Do do that we need to iterate over the list of tuples, grab their second element, compute their abs difference and return the result. Then we take the sum.

To take the second item in a tuple:

`snd count1`

To map in a list:

`(map snd count1)`

To take the abs difference of two numbers:

``````absDiff :: Int -> Int -> Int
absDiff x y = abs (x - y)
``````

To iterate over the first item on each list and combine them together:

``````zipWith (\x y -> absDiff x y) (map snd count1) (map snd count2)
``````

To take the sum of the differences:

``````let diff :: Int = sum \$ zipWith (\x y -> absDiff x y) (map snd count1) (map snd count2)
``````

Finally we print the result:

``````putStrLn (show diff)
``````

Here is the complete code of the solution:

``````{-# LANGUAGE ScopedTypeVariables #-}

strToInt :: String -> Int
strToInt x = read x :: Int

-- Find word frequency of string
wordFrequencies :: String -> [(Char, Int)]
wordFrequencies word = [ (x,c) | x<-['A'..'z'], let c = (length.filter (==x)) word, c>=0 ]

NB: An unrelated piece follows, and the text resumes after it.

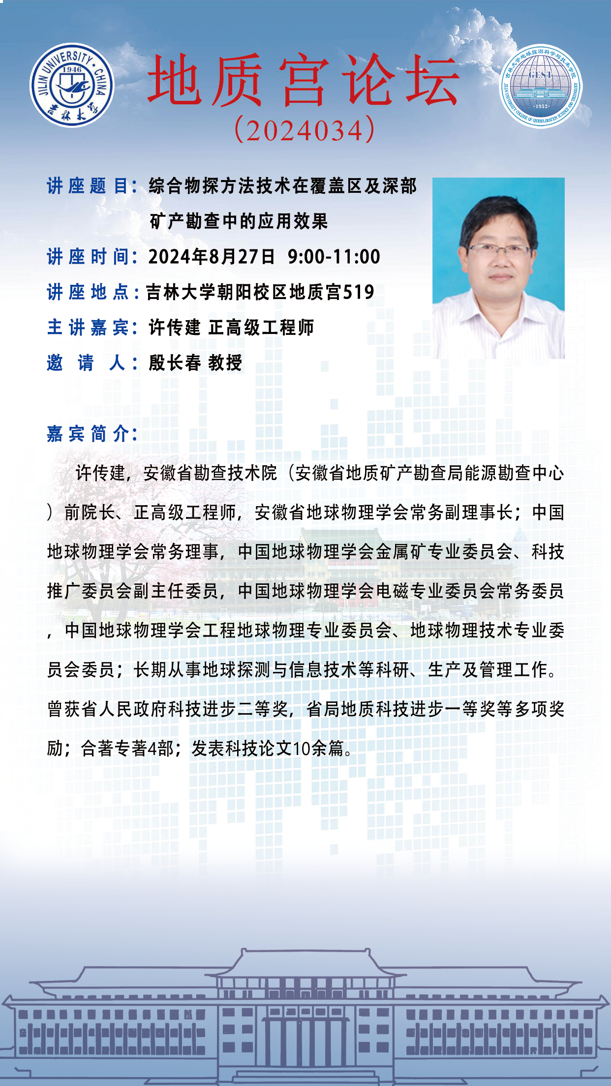永利yl23411·地质宫论坛(2024034)—安徽省勘查技术院许传建正高级工程师学术报告

-- Find absolute diff of 2 numbers
absDiff :: Int -> Int -> Int
absDiff x y = abs (x - y)

-- Repeat function n times
repeatNTimes 0 _ = return ()
repeatNTimes n action =
do
action
repeatNTimes (n-1) action

{-
function to calculate minimum numbers
of characters to be removed to make
two strings anagram
-}
anagramCheck = do
first <- getLine
second <- getLine

-- calculate frequency of each character in first string
let count1 = wordFrequencies first

-- calculate frequency of each character in second string
let count2 = wordFrequencies second

-- calculate absolute difference of their freq count
let diff :: Int = sum \$ zipWith (\x y -> absDiff x y) (map snd count1) (map snd count2)
putStrLn (show diff)
return ()

main = do
n <- getLine
-- Repeat n times check
repeatNTimes (strToInt n) anagramCheck
``````

## Coding it in Typescript

It's important so review the same code written in Typescript. Here is rough example:

``````function anagramCheck(word1: string, word2: string): number {
let result = 0;
const count1 = wordFrequency(word1);
const count2 = wordFrequency(word2);
for (let c in count1) {
if (count2.hasOwnProperty(c)) {
result += Math.abs(count1[c] - count2[c]);
} else {
result += 1;
}
}

for (let c in count2) {
if (count1.hasOwnProperty(c)) {
result += Math.abs(count1[c] - count2[c]);
} else {
result += 1;
}
}

return result;
}

function wordFrequency(word: string) {
const freq = {};
for (let i = 0; i < word.length; i++) {
let c = word[i];
if (freq.hasOwnProperty(c)) {
freq[c]++;
} else {
freq[c] = 1;
}
}

return freq;
}

``````

This is more straightforward imperative code. It has it's merits but also it's downsides.

## Next Steps

Stay put for more algorithmic challenges written in Haskell.

Brent Yorgey

Nice work! Challenge: rewrite `wordFrequencies` to return a `Map Char Int` (using `Data.Map.fromListWith`), and then combine the maps.

Theofanis Despoudis

TIL `Data.Map.fromListWith`

sam

You could use Control.Monad.replicateM_ instead of your hand-rolled `repeatNTimes` function.

Theofanis Despoudis

Thank you for the tip. I will update the article.

Aritra Dattagupta

Why not just sort the two strings and check if they are equal?

Theofanis Despoudis

That will also work but the complexity will be higher in general. `O(nlogn)` vs `O(n)` using this approach and you will be asked how you can improve it from the interviewer lol.